Au-delà du creusement des déficits et de l’inflation, l’Ethiopie doit faire face à une situation alimentaire caractérisée par un déficit chronique, en particulier dans certaines régions du pays, plus vulnérables sur le plan climatique. En raison de la sécheresse, le pays a ainsi connu une grave crise alimentaire en 2003, qui a affecté près de quinze millions de personnes. En 2006, une pénurie alimentaire, proche de la famine, a de nouveau touché l’Ethiopie. L’insécurité alimentaire constitue donc un problème récurrent, affectant environ cinq millions de personnes de manière chronique et près de dix autres millions de personnes durant les années de sécheresse. Ce phénomène est accru par l’augmentation du nombre de réfugiés en provenance des pays voisins de l’Ethiopie. A l’heure actuelle, le Programme alimentaire mondial (PAM) distribue, chaque mois, des rations alimentaires à quelque 84.000 réfugiés, la moitié en provenance du Soudan. Environ 20.000 réfugiés viennent de Somalie et 20.000 autres d’Erythrée (5).
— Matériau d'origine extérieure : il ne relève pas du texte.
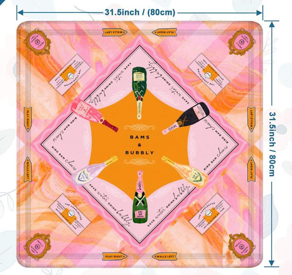The Bams & Bubbly Mahjong Mat is part of our Champagne Mahjong Collection, designed for modern Mahjong players who love stylish entertaining and elevated game nights. Featuring playful champagne-inspired details and soft, chic tones, the Bams & Bubbly design brings a fun yet sophisticated look to the Mahjong table. It pairs beautifully with colorful Mahjong tiles and coordinating accessories, making it a standout piece for Mahjong hostesses and social players. The cushioned surface allows tiles to glide smoothly while helping protect tables and reduce noise during play. With Mahjong rapidly growing in popularity across the U.S., stylish Mahjong accessories are becoming a sought-after category for boutiques, gift shops, and Mahjong specialty retailers. Product Details: Material: Polyester Size 33" x 33" Thickness: 3mm Design: Single-sided print Product Performance: Made from durable, non-slip material to help keep tiles in place during play. The smooth, soft surface allows tiles to glide
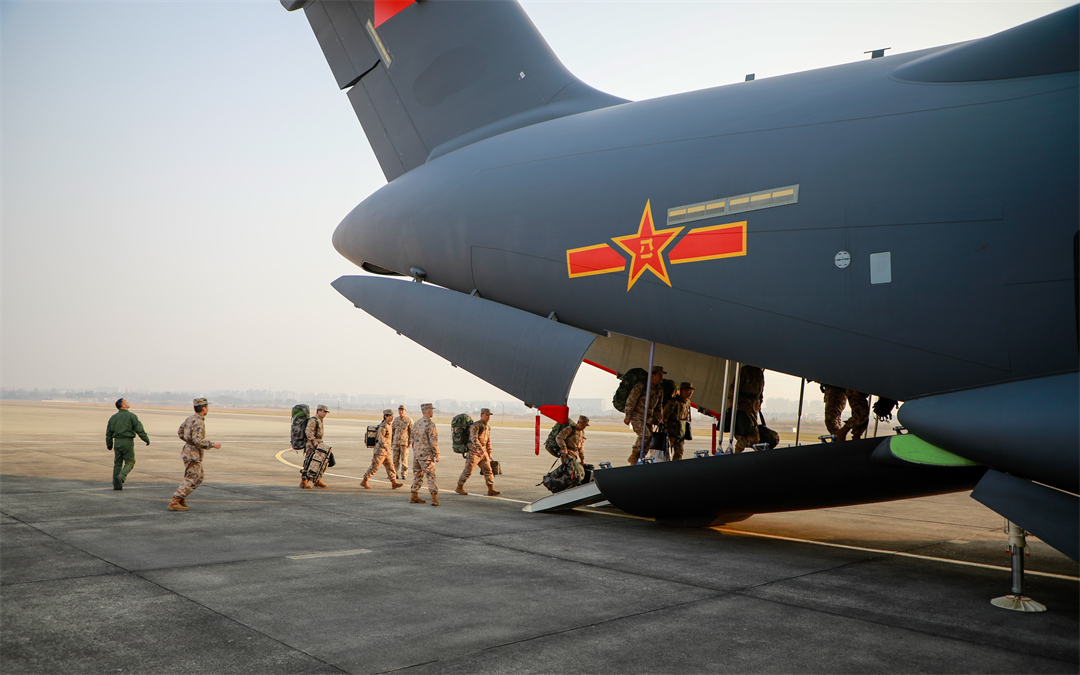停机坪上,冷风扑面。西部战区空军任务机组带队机长梁瑶一边进场一边与机组成员研究,修订多套特情处置预案,机务官兵按线路完成飞行前检查。随后,装载人员、物资14吨的运-20起飞。
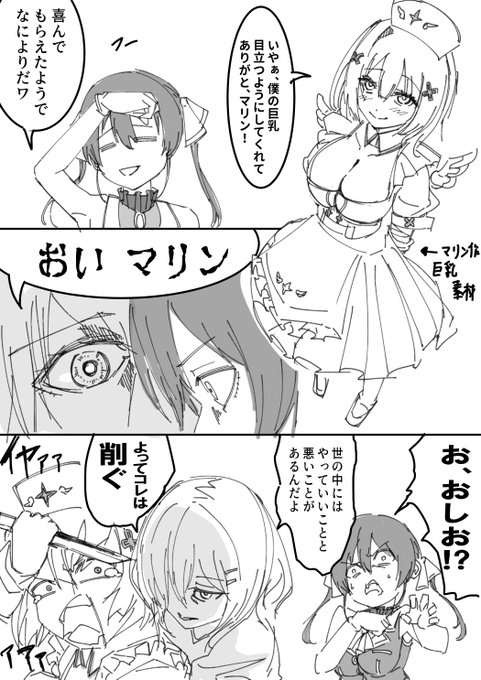 アーカイブ見たので切り抜き絵本絵でも描こうかな。 仲良きことは良いことで、ライン越え会話によってアイドルとして何かを削っていくかなマリであった。 #マリンのお宝 #宝鐘マリン #かなたーと #天音かなた #かなマリどつきあい
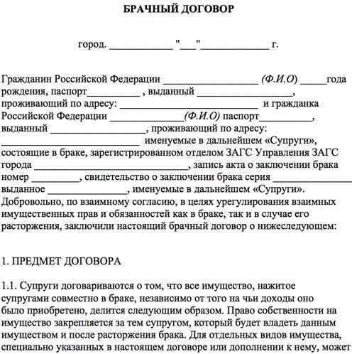 - Проект брачного договора.
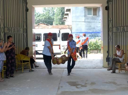 8月7日,烈日炎炎。原阳县法院学雷锋志愿者小分队在党组成员、审委会专职委员宋素琴的带领下,来到城关镇敬老院,为老人们送来了西瓜、面粉等慰问品,大家还细心地帮助老人们打扫卫生、整理被褥、梳头、剪指甲,向老人们献上法院干警的一片爱心。

En dépit d’une croissance soutenue au cours de ces dernières années, l’économie éthiopienne reste donc fragile du fait de déséquilibres structurels que les réformes et l’aide de la communauté internationale tentent de résorber.

B. Quoique anciennes, les relations franco-éthiopiennes restent modestes

Paris et Addis Abeba entretiennent des relations diplomatiques depuis 1897, date de la signature d’une convention d’amitié et de reconnaissance entre les deux pays. 1897 est également la date du début de la construction du chemin de fer destiné à relier Addis Abeba à Djibouti, qui s’achèvera en 1917.

1) Les relations économiques

Avec une part de marché d’environ 3,5 %, la France reste un partenaire commercial modeste de l’Ethiopie, se situant au 11ème rang de ses fournisseurs et au 13ème de ses clients. Ces chiffres ne doivent pas masquer un dynamisme croissant de nos relations commerciales avec l’Ethiopie : avec 94 millions d’euros d’échanges en 2006, notre relation économique et commerciale a, en effet, atteint des niveaux jamais enregistrés au cours des dix dernières années.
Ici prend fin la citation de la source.